The computation cost of the two-stage optimization for the objective as Eq. (4) is such high that only a small subset of MNIST samples is tested for the experiments. However, the randomized quantum kernel can be simply incorporated into a quantum kernel learning architecture, which can be extended to large datasets.
The performance gain in a selected MNIST data subset cannot be convincing enough to demonstrate the effectiveness of the proposed enhanced quantum kernel.
For the empirical simulation, many hyper-parameter settings are configured, which can be particularly fitted to certain subsets but difficult to generalize to all data.

问题

Why does the quantum neural architecture search a key topic?
Since the two-stage alternative optimization has to seek a locally optimal quantum architecture, the computational cost is significantly high. So, what is the trade-off between the performance gain and optimization overhead? Is it necessary to seek an optimal quantum neural architecture?

2023-11-20

Thanks to the precious suggestions made by the Reviewer oLos. These suggestions provide us with a lot of insights and help us improve the quality of our work. We are also highly grateful to the reviewer for dedicating her/his time and effort to help us improve the quality of our paper. Additionally, we have provided detailed responses and hope that the reviewer will reconsider the quality of our paper.

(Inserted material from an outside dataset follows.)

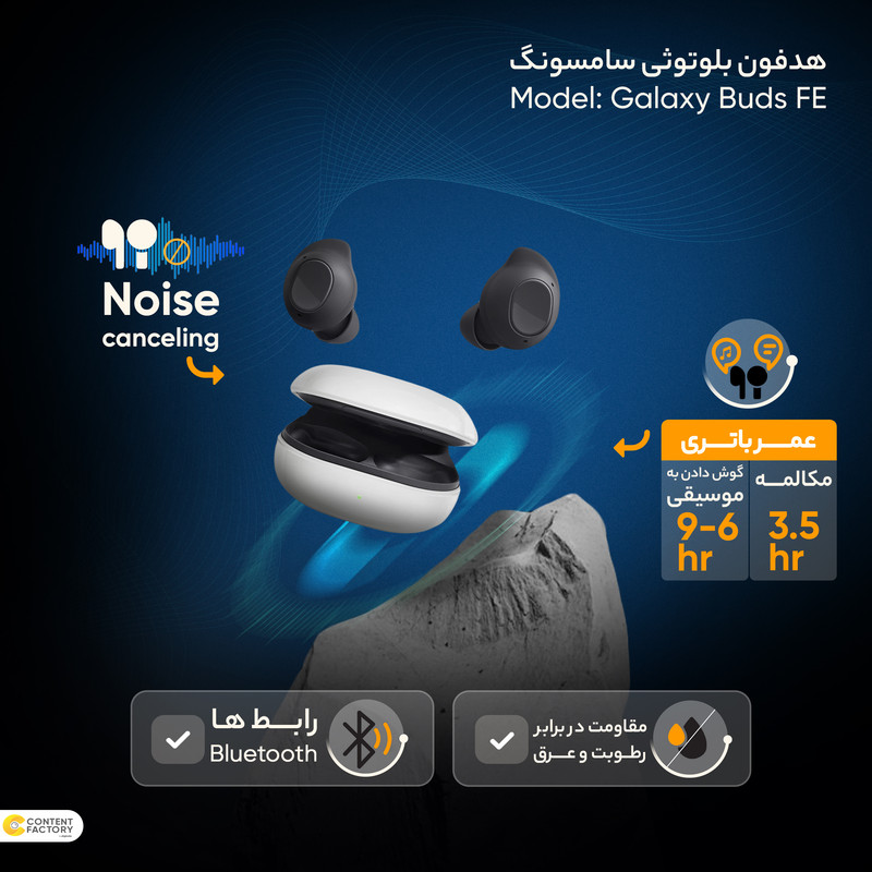 هدفون بلوتوثی سامسونگ مدل Galaxy Buds FE عضوی دیگر از خانواده در حال گسترش فن ادیشن کرهایها است که با شکستن قوانین محصولات میانرده، آمده است تا خودی در بازار جهانی نشان دهد. این هدفون در بخش طراحی گوشیها دستخوش تغییرات بزرگی شده است تا حس خوب تغییرات را به رخ همردهها بکشد. طراحی بالدار هدفونها، هدف بزرگی را دنبال میکند. سامسونگ با این طراحی جدید سعی دارد تا پایداری هدفون و حس امنیت بیشتری به کاربر بدهد. این طراحی نه تنها ثبات هدفون در گوش را تضمین میکند بلکه در زمان ضربهزدن و لمس برای اجرای فرامین مختلف، شاهد جابهجایی هدفونها در گوش نیستیم. همچنین بخش لمس هدفونها نسبت به دیگر بادزهای سامسونگ تا حدودی صافتر است تا از بازخوردهای ناخواسته و لمسهای اشتباه جلوگیری شود. با اینکه سامسونگ تلاش کرده تا قیمت Galaxy Buds FE را پایین نگه دارد اما صدای خروجی همچنان قدرتمند، واضح با بیس عمیق است. اما نباید فراموش کرد که این فن ادیشن جدید کرهایها به حذفنویز فعال یا ANC مجهز است. قابلیتی که بیش از 98 درصد از نویز محیط اطراف را مسدود میکند. هرچند یک حالت معکوس هم وجود دارد. با حضور میکروفونها بیرونی، صدای محیط با افزایش حجم در گوش شما پخش میشود که این قابلیت تنها در مدلهای رده بالای سامسونگ قابل استفاده بود. سامسونگ این مدل را با طول عمر 30 ساعت با شارژ بادزها و کیس شارژ تبلیغ کرده است اما خود بادزها تا 3.5 ساعت در مکالمه، تا 6 ساعت با ANC فعال و 9 ساعت بدون ANC موسیقی را پخش میکنند.
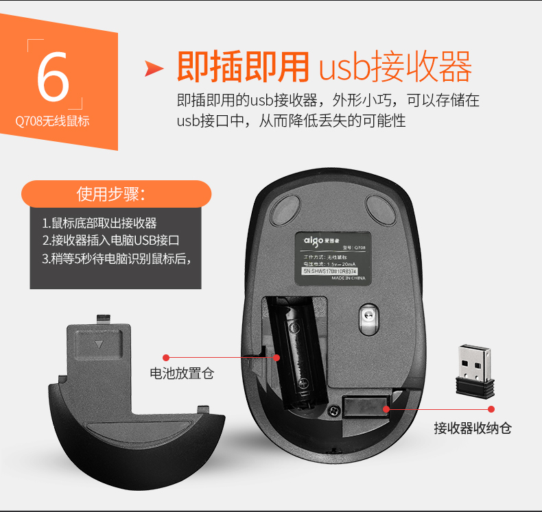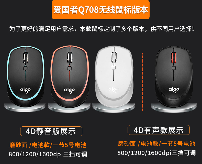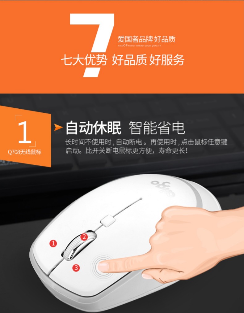 商品名称:爱国者 无线鼠标台式笔记本电脑男女生游戏办公家用静音无限鼠标 Q708

Q1:Since ...is not a key topic.

A1: Thanks for your comment. As mentioned in the first paragraph on the page 2 of our paper, “quantum kernels associated with inappropriate quantum feature maps tend to be inferior to that of classical kernels [1]. Even worse, when the quantum feature map involves deep circuit depth, a large number of qubits, and too many noisy gates, the corresponding quantum kernel may encounter the vanishing similarity [2] and the degraded generalization ability [3], precluding any potential computational advantages.” These indicates that designing a good quantum feature map is very important. However, it is not clear how to design a good quantum kernel as there is no prior knowledge to guide us in designing the kernel.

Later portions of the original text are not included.